Матрена Васильевна усмехнулась. Глаза ее были сухи и светлы. Мотря поняла, что простила она уже давно и мать свою, и всех прочих родственников. Что теперь они для нее суть пустые имена, а душа-то по сю пору отдана другим… Или другому.

Меж тем на свет Божий появились те листки, которые видала уже Мотря утречком в келье у Матрены Васильны. Та, видать, намеренно взяла сегодня их с собой.

«И то — ежели там от любимого ее Ивана слова-то записаны, как их нынче-то не вспомнить?»

Не зря так любила матушка игуменья маленькую Мотрю — та как в воду глядела.

— Нынче, девочки, десять лет исполнилось, как умер мой любимый. Захотелось мне рассказать вам о нем, о нашем чувстве запретном. Да велеть вам, чтобы никогда не любили вы вполсилы, никогда не искали того, кто сделает хорошовам… Чтобы самой большой радостью для вас, детки мои, было то, каквыможете свою любовь-то показать…

— А мне сестра всегда говорила, что надо того искать, ктотебебольше даст…

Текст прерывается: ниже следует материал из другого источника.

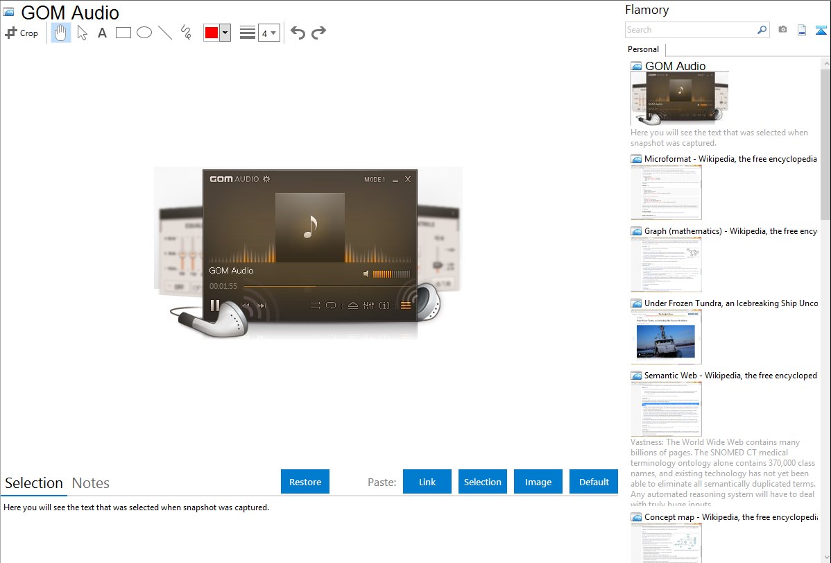 Flamory helps you capture and store screenshots from GOM Audio by pressing a single hotkey. It will be saved to a history, so you can continue doing your tasks without interruptions. Later, you can edit the screenshot: crop, resize, add labels and highlights. After that, you can paste the screenshot into any other document or e-mail message.
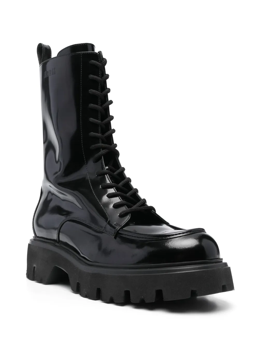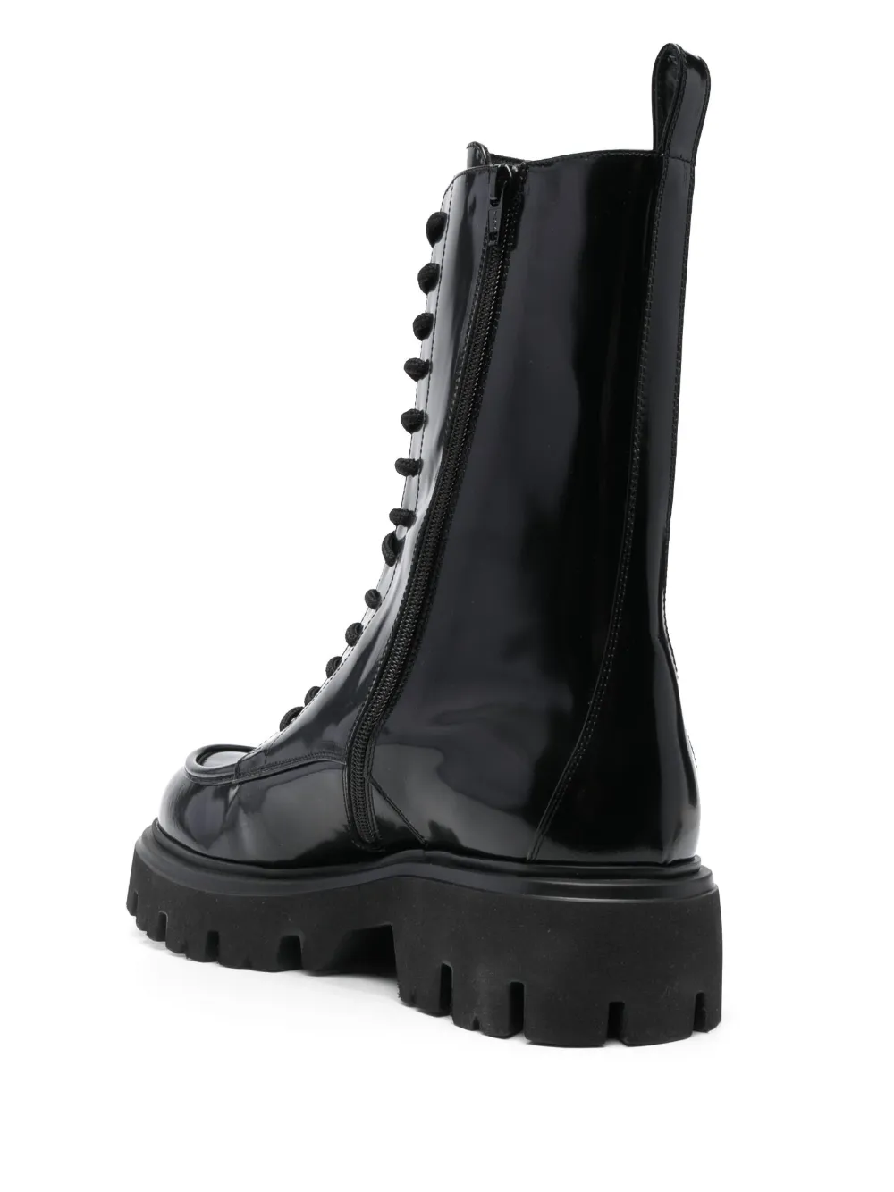 Черный, телячья кожа, высота по щиколотку, тисненый логотип сбоку, петля для подтягивания сзади, шнуровка спереди, застежка на молнии сбоку, закругленный носок и рифленая резиновая подошва.
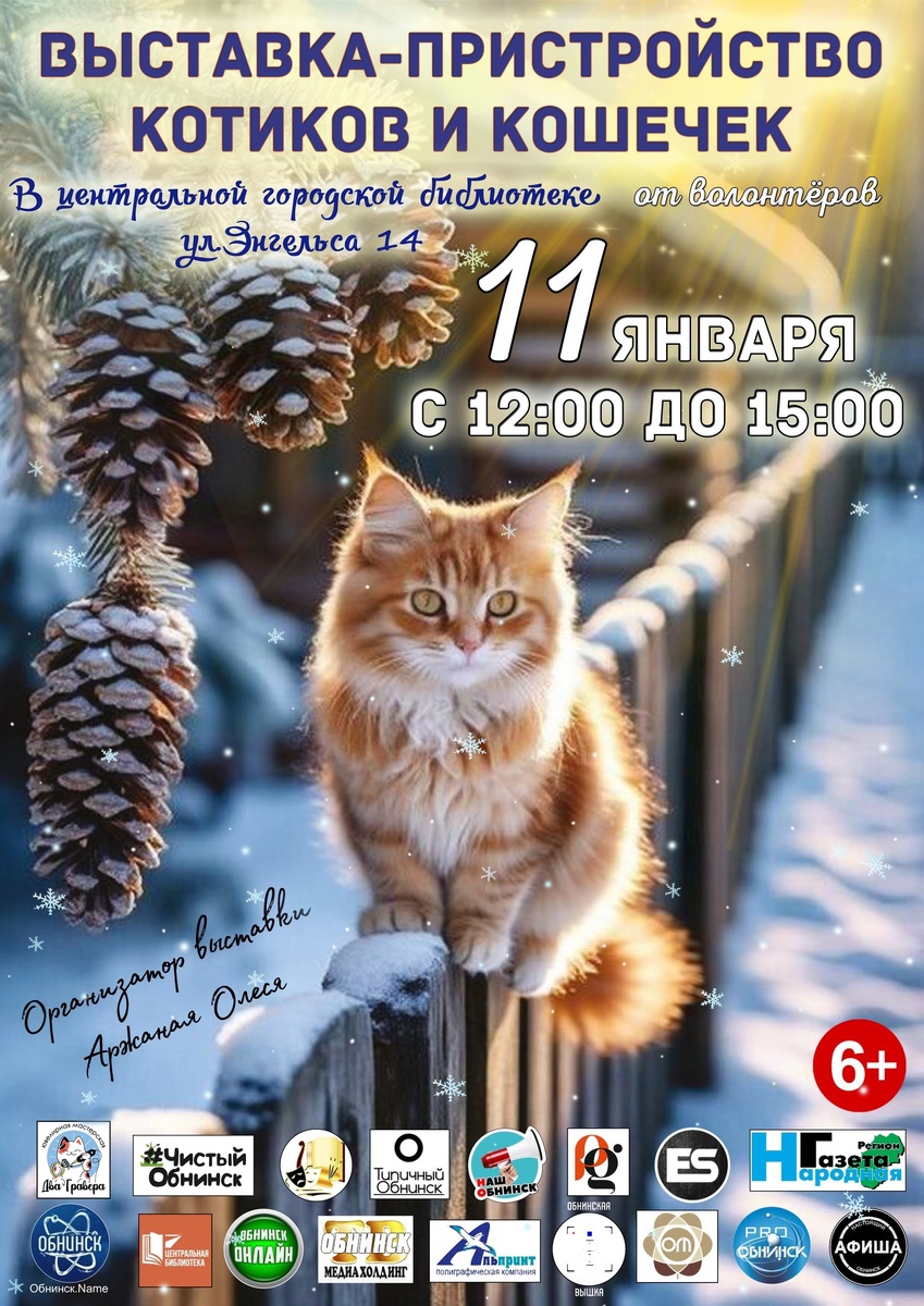 🐱11 января с 12:0 до 15:00 в Центральной библиотеке в Обнинске пройдёт выставка-пристройство кошек и котят от волонтёров. Если вы хотите взять себе животное, необходимо при себе иметь паспорт.

— Сестра, Марусенька? Уж не та ли, что стала сестрой Глафирой?

— Она. — Маруся кивнула.

— Так ты словам-то ее не верь, деточка. Не зря она, поди, чернавкой-то стала, постриг приняла.

Девушка кивнула. Матрена Васильевна была права — Глафира, тогда Верой ее звали, согласилась пойти замуж за бунчукового атамана, все для себя доходов да выгод больших искала. За что и поплатилась — атаман-то оказался зверь лютый, любил, сказывали, но только ревновал бешено, по любому подозрению бил жену, да так, что шрамы до сих пор Глафирину спину покрывают. Не выдержала Марусина сестра, попыталась утопиться. Атаман ее нашел, из воды вытащил. Но сердце у него больное оказалось, вот и помер он через два дня после спасения жены… Наследство богатое Вера раздала, а сама в монастырь подалась — грех стяжательства замаливать.

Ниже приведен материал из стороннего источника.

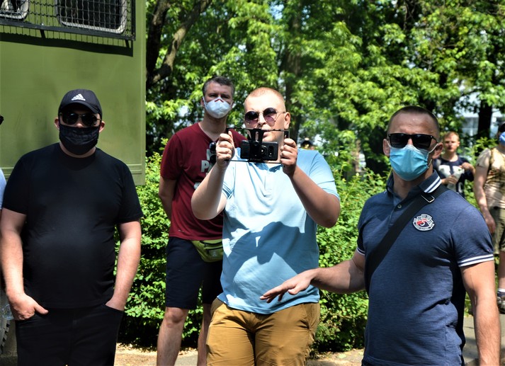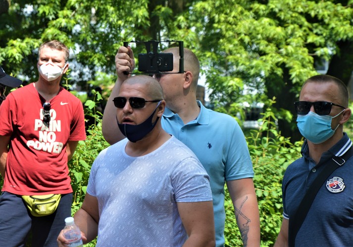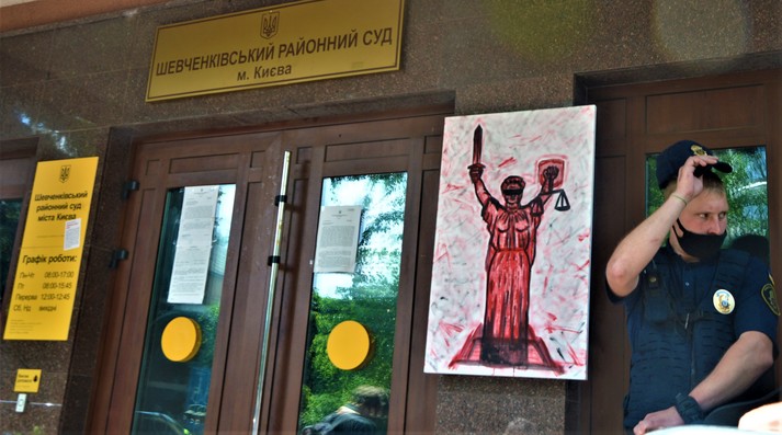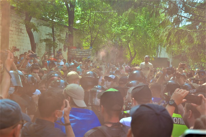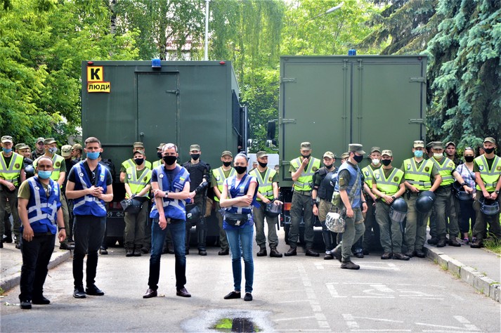 Сутички під будівлею суду почалися з самого ранку і їх спровокувала поява осіб, які назвали себе представниками ЗМІ Анатолія Шарія. Так званих стрімерів захищало близько десятка осіб спортивної статури. Спільними зусиллями активісти добилися, щоб цих громадян правоохоронці вивели за межі території, на якій відбувається акція протесту.

— А что же за любовь-то ваша запретная? Кто и отчего вам ее запретил? — Мотре было все интереснее и интереснее.

— Любовь запретная, детка, оттого, что Ивану моему в ту пору уж за шестьдесят было. Гетман Иван Мазепа силищу-то имел, отца моего уважал, с царями знался. Пятьдесят лет разницы — вот что пугало моих родителей, вот почему меня они бесстыдницей назвали за одно лишь то, что в крестном своем батюшке мужчину настоящего увидала, единственную свою опору в грядущей жизни да счастье великое…

— А он, Иван? Любил столь же сильно?

— Ох, детка, любил… Вдовым был Иван, сердце свободное. А уж красивый какой… Высокий, широкоплечий, сильный… Глаза что два осколка неба, чуб черный, ни седого волоска. Он, как и папенька мой, силачом был… Всё они друг перед дружкой силушкой похвалялись. Матушка смеялась, а я всё за Ивана боялась, как бы не стало дурно ему… Всё ж не мальчик.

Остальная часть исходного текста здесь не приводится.